Kubernetes Architecture


A node(minion) is a machine, physical or virtual on which Kubernetes is installed. A node is a worker machine that is where containers will be launched by Kubernetes.


What If the node on which your application is running fails?

Obviously, our application goes down. So, you need to have more than one node.


A Cluster is a set of nodes grouped together


This way even if one node fails you have your application still accessible from the other nodes. Moreover, multiple nodes help in sharing the load as well


  • Who is responsible for managing the cluster?
  • Where is the information about members of the cluster stored?
  • How are the nodes monitored?
  • When a node fails how do you move the workload of the field node to another worker node?

Thus, The Master is another node with Kubernetes installed in it and is configured as a Master. The master watches over the nodes in the cluster and is responsible for the actual orchestration of containers on the worker nodes.

Master Node in Cluster


When you install Kubernetes on a system, you are actually installing the following components. An API Server, and etcd service, a kubelet service, a Container Runtime, Controllers, and Schedulers.

  • API Server
  • etcd
  • kubelet
  • Container Runtime
  • Controllers
  • Schedulers

The API Server acts as the front end for Kubernetes. The users, management devices, command-line interfaces, all talk to the API server to interact with Kubernetes cluster.

etcd is a distributed reliable key value store used by kubernetes to store all data used to manage the cluster.
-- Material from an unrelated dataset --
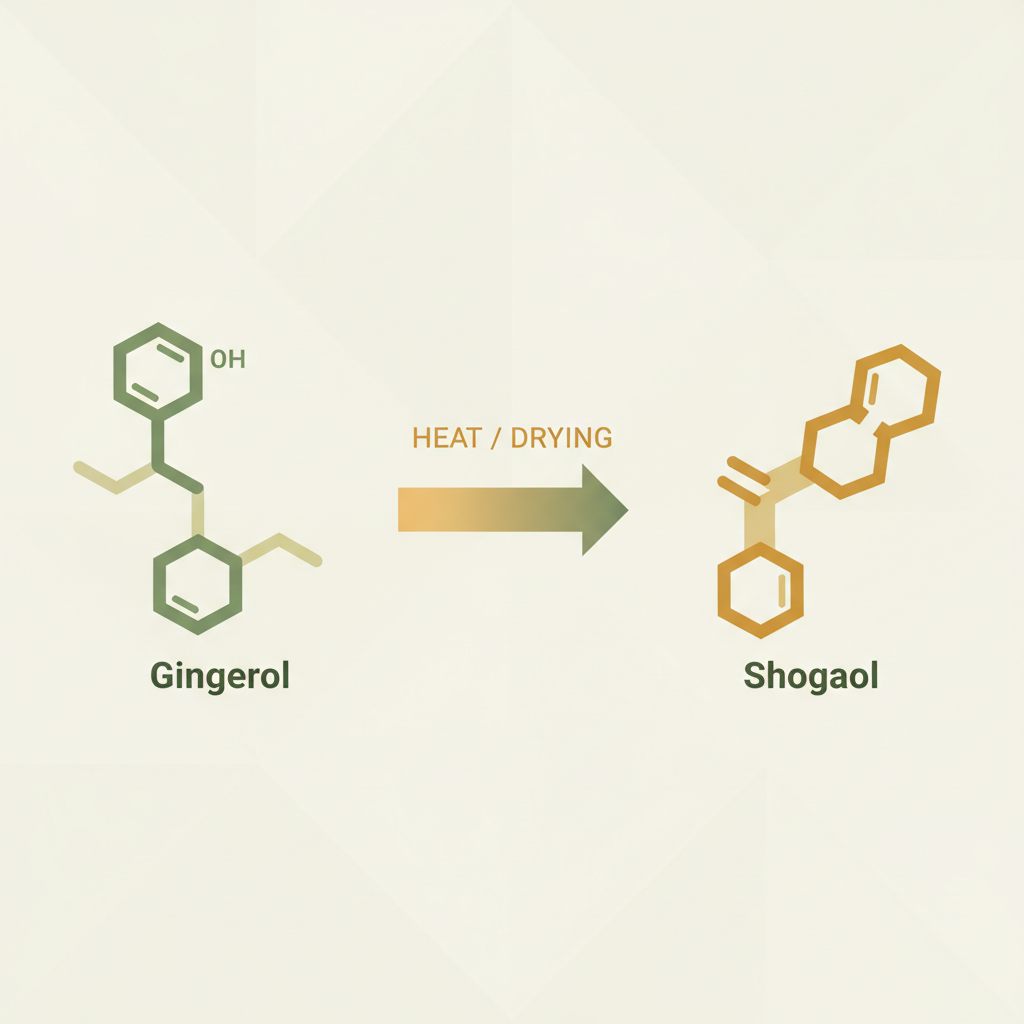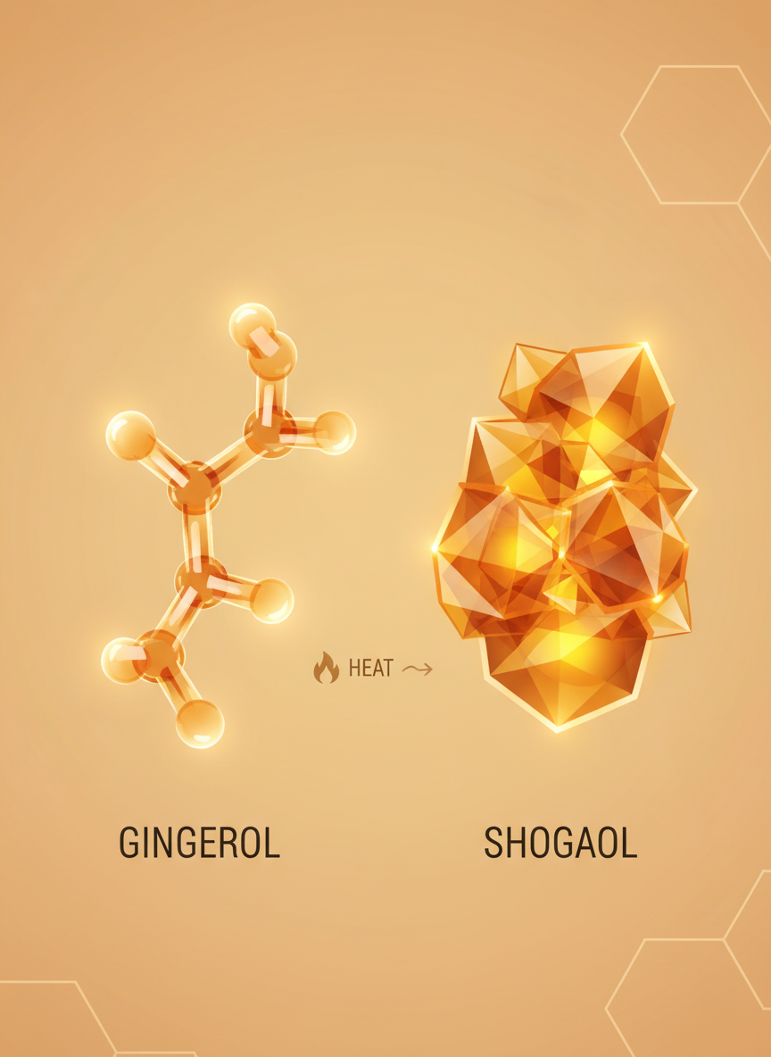 진저롤은 신선한 생강에 풍부하며 혈액 순환을 돕고 항균 작용을 합니다. 반면 생강을 말리거나 열을 가하면 진저롤이 쇼가올로 변하게 되는데, 쇼가올은 진저롤보다 항염증 및 항산화 효과가 더욱 강력한 것으로 알려져 있어요. 우리가 따뜻하게 끓인 생강차를 마실 때 몸이 더 뜨거워지는 이유도 바로 이 때문입니다.

When you have multiple nodes and multiple Masters in your cluster, etcd stores all that information on all the nodes in the cluster in a distributed manner. etcd is responsible for implementing locks within the cluster to ensure that there are no conflicts between the Masters.

The Scheduler is responsible for distributing work or containers across multiple nodes. It looks for newly created containers and assigns them to nodes.

The Controllers are the brain behind orchestration. They are responsible for noticing and responding when nodes, containers or end points goes down. The controllers make decisions to bring up new containers in such cases.

The Container Runtime is the underlying software that is used to run containers in one of the examples is Docker. There are other options as well.

Kubelet is the agent that runs on each node in the cluster. The agent is responsible for making sure that the containers are running on the nodes as expected.

Master vs Worker Nodes

Master and Worker and a set of components that make up Kubernetes. However, how are these components distributed across different types of servers? In other words, how does one server become a master and the other the slave?

The worker node as it is also known is where the containers are hosted. For example, Docker containers to run docker containers on a system, we need container runtime installed and that is where the container runtime falls. In this case, it happens to be Docker. This does not have to be Docker. There are other containers run time alternatives available such as Rocket or Cryo. Mostly, we are going to use Docker as our container runtime engine.

The master node has the kube API server and that is what makes it a master Similarly, the worker nodes have the kubelet agent that is responsible for interacting with a master to provide health information of the worker node and carry out actions requested by the Master on the worker nodes. All the information gathered are stored in a key value store on the master. The key value store is based on the popular etcd. The master also has the control manager and the scheduler.

Master Node & Work Node


One of the command line utilities known as the kube command line tool or kubectl. The kubectl tool is used to deploy and manage applications on a Kubernetes cluster. To get cluster information, to get the status of other nodes in the cluster and to manage many other things.

$ kubectl run hello-minikube
  • kubetl run command is used to deploy an application on the cluster.
$ kubectl cluster-info
  • kubectl cluster-info command is used to view information about the cluster.